My desire to stay out of trouble, to appear agreeable, led me to accept what my colleagues would think of as indignities. I would be offered schedules that required two commutes in one day: a class at seven in the morning, then another a four pm. I taught wherever I was asked, and for comparative peanuts. The community college where I work is composed of dozens of campuses spread into three counties, and in those days it was worse. Our college had shoehorned tiny campuses into strip mall storefronts, rented entire floors in office buildings. Most commonly, high school classrooms were utilized in the evening as soon as the high schoolers had gone home. And, as the new kid on the scheduling block, I was given classes that had me on the freeway as often as I was in the classroom. Mr. Chips meets Willy Loman.
“Okay,” I was told, by the man whose job I would one day occupy. “Go to Antoine High School.

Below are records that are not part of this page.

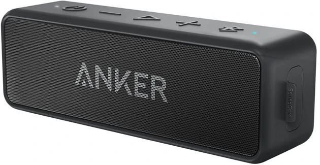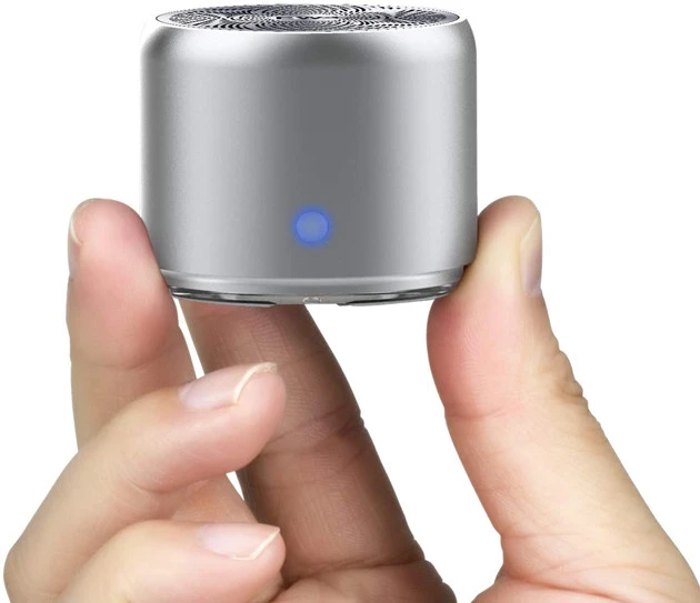 縦約7cm、横約9cmのコンパクトなスピーカー。デスクまわりでの利用はもちろん、防水仕様なのでお風呂の中でもそのまま使えますよ。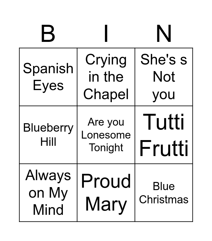 This bingo card has a free space and 8 words: Tutti Frutti, She's s Not you, Crying in the Chapel, Always on My Mind, Spanish Eyes, Blue Christmas, Blueberry Hill and Proud Mary.
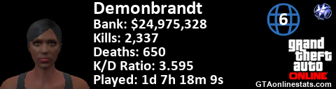 [URL=http://GTAonlinestats.com/showplayer/Demonbrandt/2][IMG]http://GTAonlinestats.com/signature/Demonbrandt/2/sig.png[/IMG][/URL]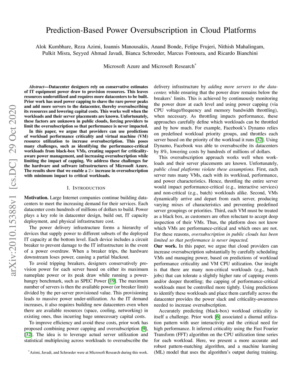 Prediction-Based Power Oversubscription in Cloud Platforms

Your eight a.m. class in there. Then go up Highway Six-Fifty to the campus off West Barrow. It looks kind off spooky in the middle of all that demolition, but it won’t be so bad in the daytime. Your class there will be at ten—plenty of time. Then, get back on the Six-fifty, head northwest to the tollway, then head south to New Rochelle High School. Your class there is at twelve. So? Hah, you have an hour to get to each class.”

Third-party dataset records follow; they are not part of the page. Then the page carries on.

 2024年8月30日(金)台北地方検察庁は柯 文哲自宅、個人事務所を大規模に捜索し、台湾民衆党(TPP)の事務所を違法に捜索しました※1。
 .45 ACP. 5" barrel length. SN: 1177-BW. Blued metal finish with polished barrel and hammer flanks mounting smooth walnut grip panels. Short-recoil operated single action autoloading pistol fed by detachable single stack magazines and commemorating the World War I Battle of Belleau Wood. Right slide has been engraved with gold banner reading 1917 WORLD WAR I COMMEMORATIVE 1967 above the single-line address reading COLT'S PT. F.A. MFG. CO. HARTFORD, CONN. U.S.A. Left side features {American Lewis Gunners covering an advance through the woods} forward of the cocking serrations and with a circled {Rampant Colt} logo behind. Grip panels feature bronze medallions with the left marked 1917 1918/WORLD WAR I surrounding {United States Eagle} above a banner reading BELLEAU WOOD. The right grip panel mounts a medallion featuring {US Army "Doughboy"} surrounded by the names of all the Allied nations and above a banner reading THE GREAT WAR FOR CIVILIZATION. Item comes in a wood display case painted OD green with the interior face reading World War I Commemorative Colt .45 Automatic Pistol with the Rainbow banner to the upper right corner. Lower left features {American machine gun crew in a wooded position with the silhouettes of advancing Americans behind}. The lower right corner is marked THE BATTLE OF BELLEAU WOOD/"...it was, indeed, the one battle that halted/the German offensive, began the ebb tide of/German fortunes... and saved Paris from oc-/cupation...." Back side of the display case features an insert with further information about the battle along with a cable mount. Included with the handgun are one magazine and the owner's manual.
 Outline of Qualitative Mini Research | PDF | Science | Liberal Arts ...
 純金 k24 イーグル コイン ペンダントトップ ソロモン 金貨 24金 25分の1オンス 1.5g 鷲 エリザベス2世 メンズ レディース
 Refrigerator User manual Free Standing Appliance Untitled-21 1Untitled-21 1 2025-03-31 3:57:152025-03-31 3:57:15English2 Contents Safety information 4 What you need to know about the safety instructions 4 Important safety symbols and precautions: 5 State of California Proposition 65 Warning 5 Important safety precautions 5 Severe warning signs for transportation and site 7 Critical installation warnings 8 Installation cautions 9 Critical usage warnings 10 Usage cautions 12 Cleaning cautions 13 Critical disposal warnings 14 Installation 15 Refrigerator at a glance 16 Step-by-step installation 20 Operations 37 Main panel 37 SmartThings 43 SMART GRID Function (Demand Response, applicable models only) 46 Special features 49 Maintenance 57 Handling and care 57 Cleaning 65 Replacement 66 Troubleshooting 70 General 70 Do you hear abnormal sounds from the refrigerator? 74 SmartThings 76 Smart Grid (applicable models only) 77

I said yes. Of course I said yes. I wanted the work. I wanted to be thought of as a team player—and most importantly, I wanted the community college to hire me full-time. It is the industry standard that half the sections per semester in a community college will be full-time, those who teach five sections at a time, receive a comfortable mid five-figure salary and health insurance, and those others, who teach one section at a time for a salary that, after taxes, today, amounts to eighty dollars per week per class. This is how it works: part-time employees, per class, a paid thirty percent what full-time workers are paid, and for exactly the same work.

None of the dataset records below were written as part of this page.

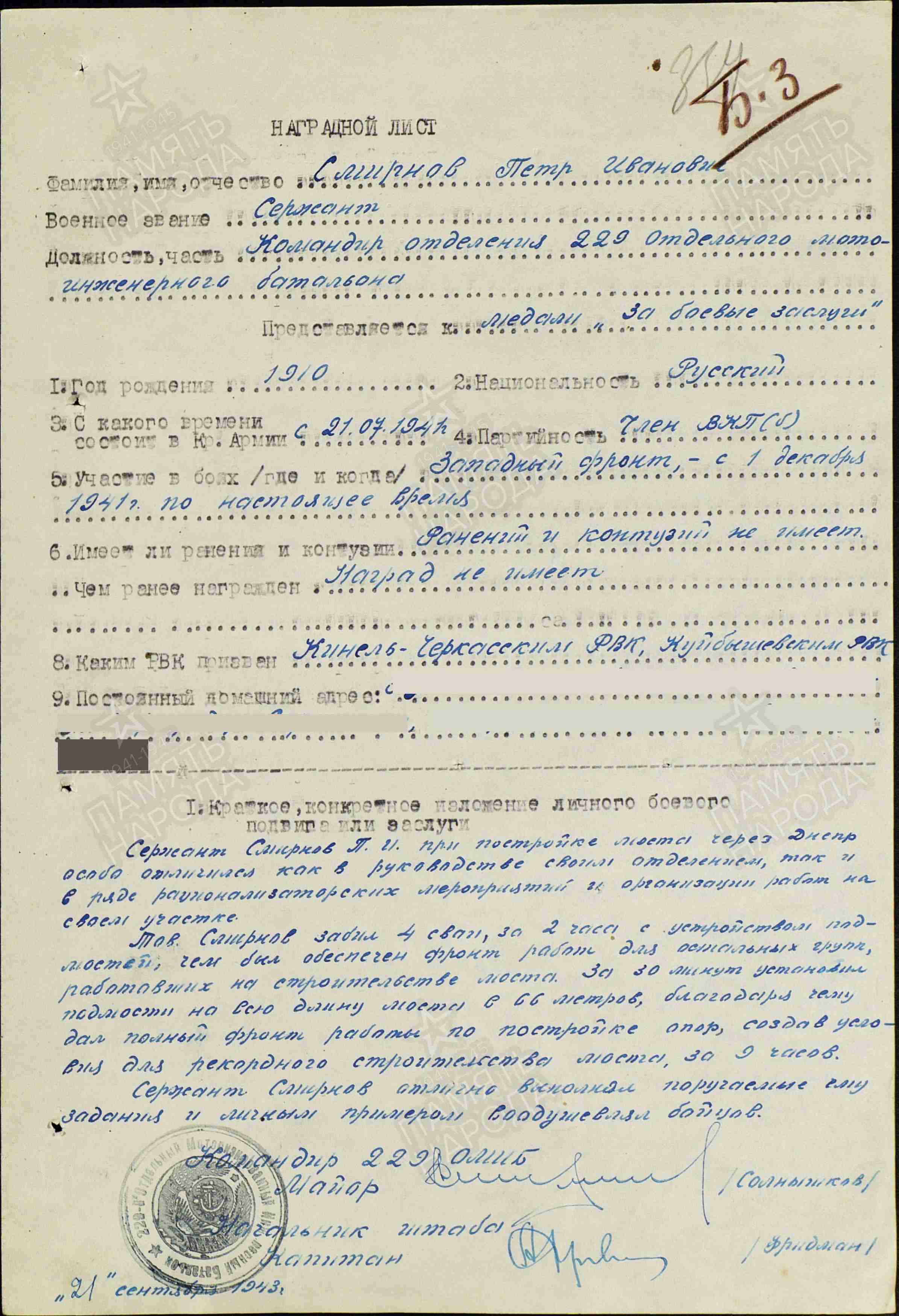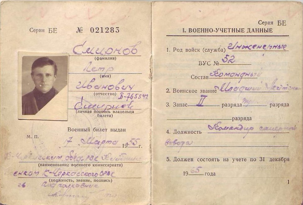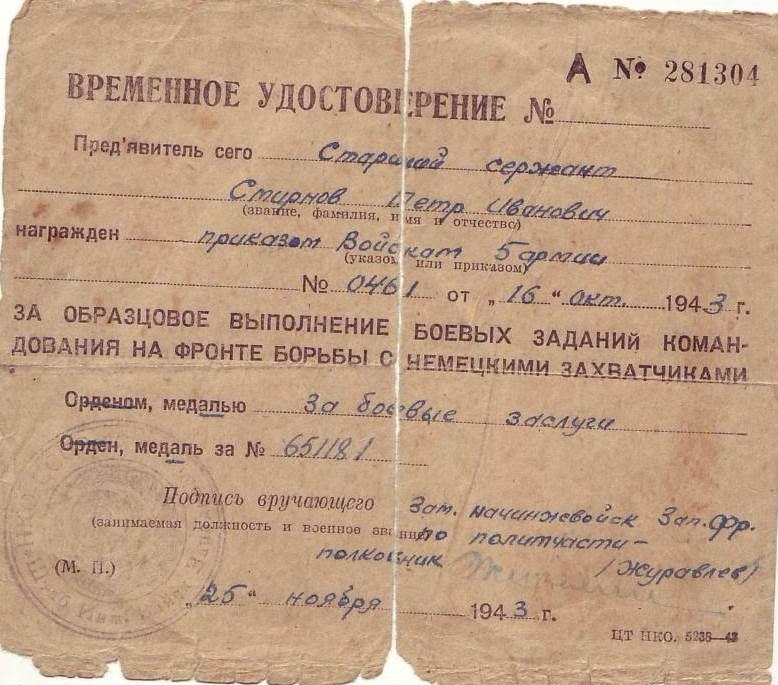 В период с июня 1941 по апрель 1945 года – помощник командира саперного взвода; с апреля 1945 года по июль 1945 года – командир саперного взвода. С июля 1941 гола по март 1942 года – 475 отд. саперный батальон 352 стрелковой дивизии, Центральный фронт. С сентября 1942 года по декабрь 1944 года – 229 отд. мото-инженерный стрелковый батальон, 2 мото-инженерной штурмовой бригады, 1-й Прибалтийский фронт. Петр Иванович Смирнов умер в апреле 1978 года.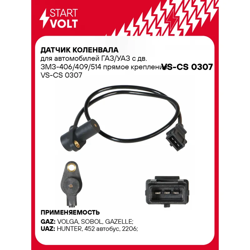 Датчик коленвала для автомобилей ГАЗ/УАЗ с дв. ЗМЗ-406/409/514 прямое крепление Характеристики: Артикул: VS-CS 0307 OEM номера: K0060810692, 60595754, 60810692, 0060810692, 0000099455422, 8024223, 99455422, 7700377184, 31613843010, 0 261 210 113 Количество контактов: 3 Длина провода, мм: 570 Монтажная глубина, мм: 24 Количество на автомобиль: 1 Комплектация: Датчик положения коленвала - 1 шт Паспорт изделия/гарантийный талон - 1 шт Гарантия: от 1 года.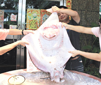 中國臺灣網8月18日消息 據臺灣《聯合報》報道,嘉義縣一海產餐廳的海釣船日前在恒春外海捕獲一條大魚,外型似魟,從尾部拉起攤開,腹部血肉紋理竟像張猴臉。店家將怪魚展示在店門口,有饕客被怪魚嚇到,直說“好恐怖,這禮拜不敢吃魚。”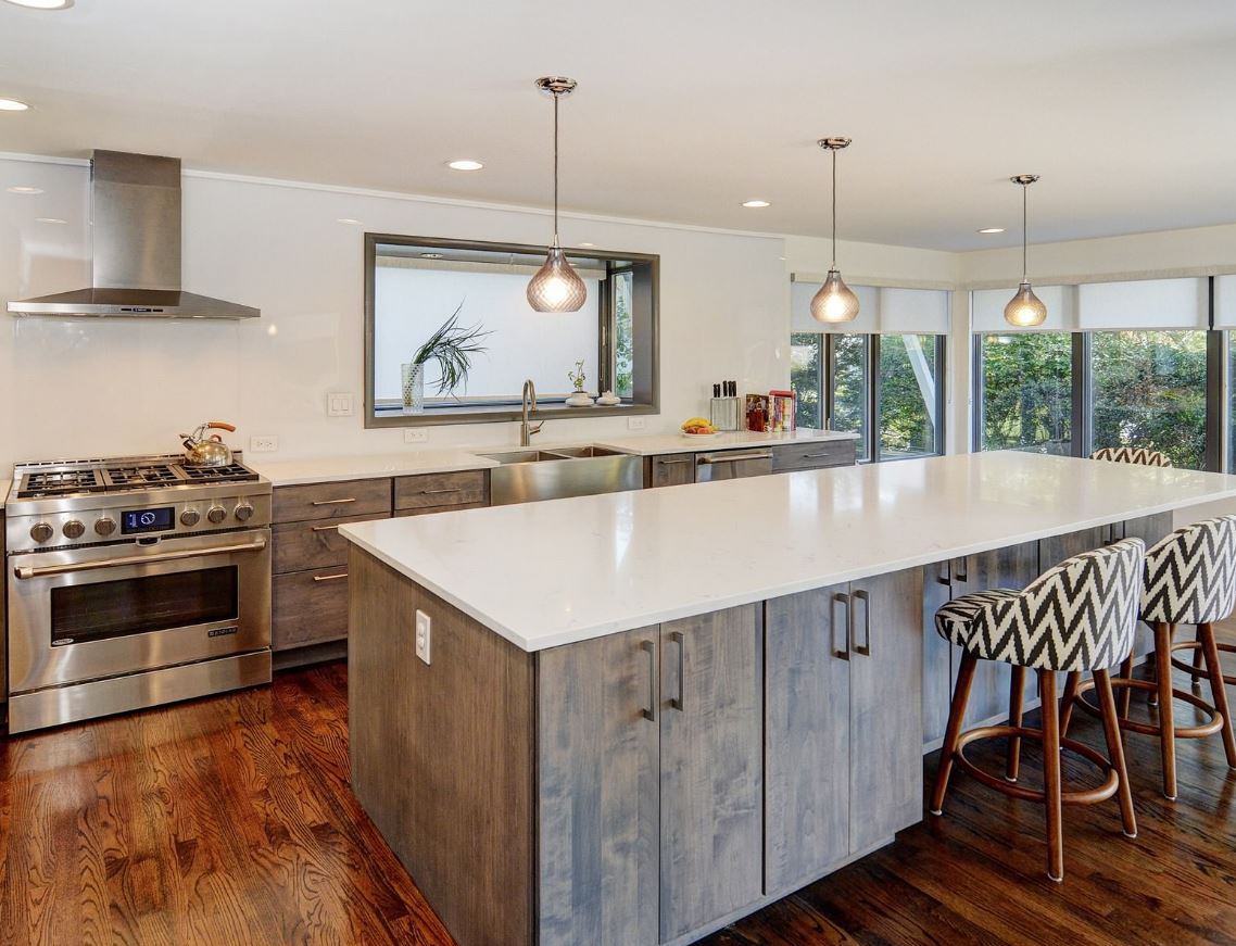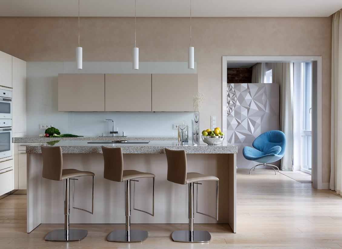 Этот вид планировки считается относительно новым, пришедшим из западных интерьеров. Островная расстановка требует достаточно площади для отдельного острова и некоторых особенностей канализационных систем. Ведь островок обычно содержит мойку или варочную панель, к которым следует подсоединить трубы или провода. Обычно их прокладывают через пол. Кроме того, для островка потребуется отдельное точечное освещение.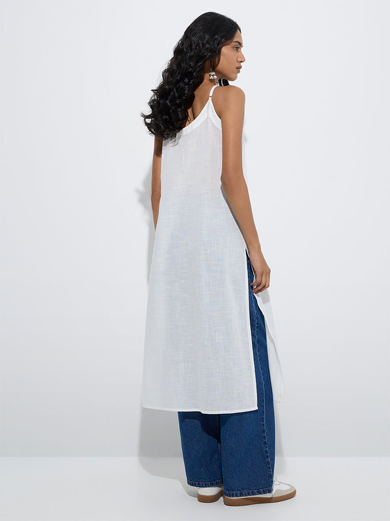 This white kurta from Utsa is crafted from pure cotton and flaunts floral embroidery at the yoke for feminine charm. Cut in a straight silhouette. it’s styled with a scoop neck and adjustable shoulder straps for a custom fit that moves with you.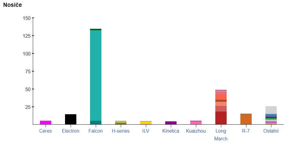 V loňském roce byl opět nejúspěšnějším nosičem Falcon 9 společnosti SpaceX (132 startů). 127 startů bylo provedeno s prvním stupněm, který byl již předtím minimálně jednou použit, pouze 5 misí využilo zbrusu nový stupeň. Na druhém místě se opět objevila rodina čínských raket Dlouhý pochod, a to se 49 starty.

This, of course, is absurdly unfair, but I had neither the time nor the temperament to lead my fellow adjuncts in a revolt: What I wanted was to rise in my profession. If the full-timers had it that much better, I would work full time. A university job, at the time, was completely beyond my reach; grad students a few years ahead, some freshly minted PhD working as lecturers, would return to campus with stories of the competition, of three hundred applicants for every opening, all of whom had published extensively, some of whom had published books. Tenured university professors, I calculated, came to campus between seventy-two and one-hundred days per year, lectured from the same set of notes they had set down while scrambling for tenure, gave their students’ papers and exams to their TAs to grade, and had (as John Gardner once wrote) more free time than anyone besides a full-time hobo. These professors would not relinquish their assignments lightly. (Having come back to my university campus a decade-and-a-half later, I find my predictions borne out: not a single one of my grad school professors has left except for greener pastures or incapacity. The profession is in one large holding pattern, as twenty thousand PhDs wait for Harold Bloom to die so everyone else can move up a notch.)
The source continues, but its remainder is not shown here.